Pasaron once largos años. Esta vez la idea fue de él. Campo de Marte. Ya no era un niño pero como si lo fuera. Aprender como fuera, tantos años de perderse la diversión de sus amigos, de intentar ocultar su miedo a las piscinas con excusas absurdas que nadie creía, que siempre terminaban dejando al descubierto tanta cobardía. Como sea y cuanto antes.

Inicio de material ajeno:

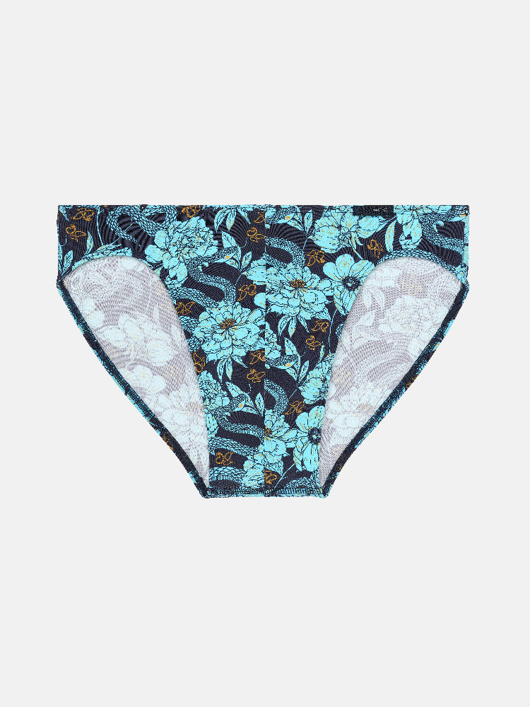 Ontdek de Hom Funky Styles collectie. Met de hoogwaardige kwaliteit en moderne pasvorm die je van Hom gewend bent, maar dan nét iets funkier! Voeg kleur, stijl en comfort toe aan je garderobe met de Hom Funky Styles Comfort Micro Briefs 403044 Blue Print; een minislip met smalle taille, gemaakt van soepele microfiber met rijke bloemen- en slangenprint in turkoois.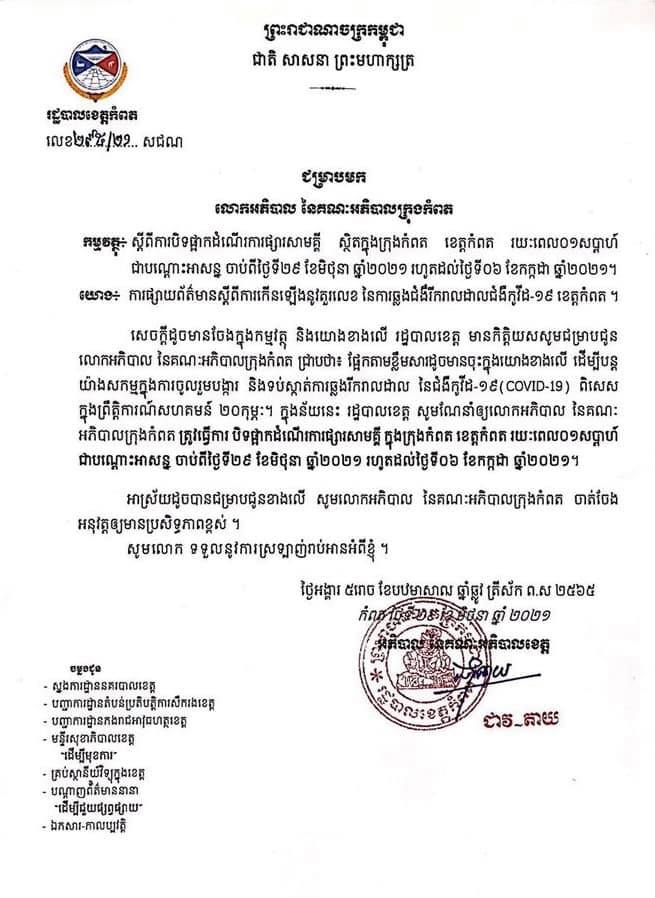 ខេត្តកំពត៖ យោងតាមការចុះផ្សាយរបស់ រដ្ឋបាលខេត្តកំពត នៅថ្ងៃទី២៩ ខែមិថុនា ឆ្នាំ២០២១ បានចេញសេចក្តីជូនដំណឹងស្តីពីការបិទផ្អាកដំណើរការផ្សារសាមគ្គី រយៈពេលមួយសប្តាហ៍ជាបណ្ដោះអាសន្ន ចាប់ពីថ្ងៃទី២៩ ខែមិថុនា ឆ្នាំ២០២១ រហូតដល់ថ្ងៃទី០៦ ខែកក្កដា ឆ្នាំ២០២១។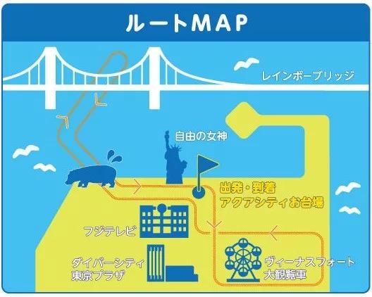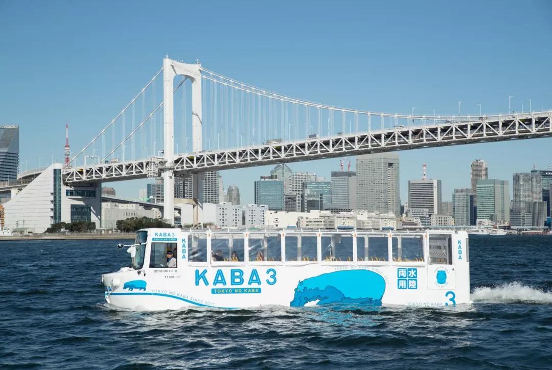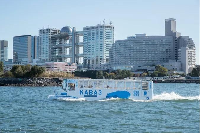 水陸兩用巴士TOKYO NO KABA,全長約12m,從臺場AQUA CITY的巴士站出發(fā),一天有7班,每周三休息。該巴士可供38名游客乘坐,可以坐在上面一邊吹著海風(fēng)一邊觀賞臺場的美景。需要提前一個月預(yù)約,如果當(dāng)天有空位,沒有預(yù)約也可以乘坐。

Pidió que le den plata y se la dieron. Con eso se matriculó orgulloso y esperó el día inicial con ansiedad. Nuevamente enero. Nuevamente temprano por la mañana. Se alistó, partió y llegó el primero. Al inicio no lo creía o más bien no quería creerlo. Llegó el segundo, el tercero, un séptimo y al final, más de diez niños lo rodeaban y él con su barba incipiente fue zambullido de un empujón y en menos de un segundo rescatado. Su metro sesenta no terminaba de cuadrar matemáticas con el fondo de esa masa de agua de más de dos metros y ya había que avanzar apenas cogiéndose con una mano del borde. Recuerdos de aquella otra vez. Otra vez el temor, la ansiedad, la hora que no pasa, ya no quiero.
Ahora sin cogerse del borde. El sabor del cloro.
Una vez más, dos clases bastaron y entonces eso fue todo. Siguió yendo pero ahora se quedaba en la tribuna mirando como aquellos con los que compartió un par de horas que fueron de terror, iban progresando, ahora en el segundo carril, con un flotador, con uno más pequeño, ahora sin él y él allá arriba, pensando que jamás podría ser como ellos. Mejor mirar los clavados en la piscina vecina. Seamos honestos, adiós a las aguas mansas, desertar del todo, salir cada mañana igual pero ahora recalar en el centro y andar sin rumbo, ignorante del nado, zambullirse en las calles interminables.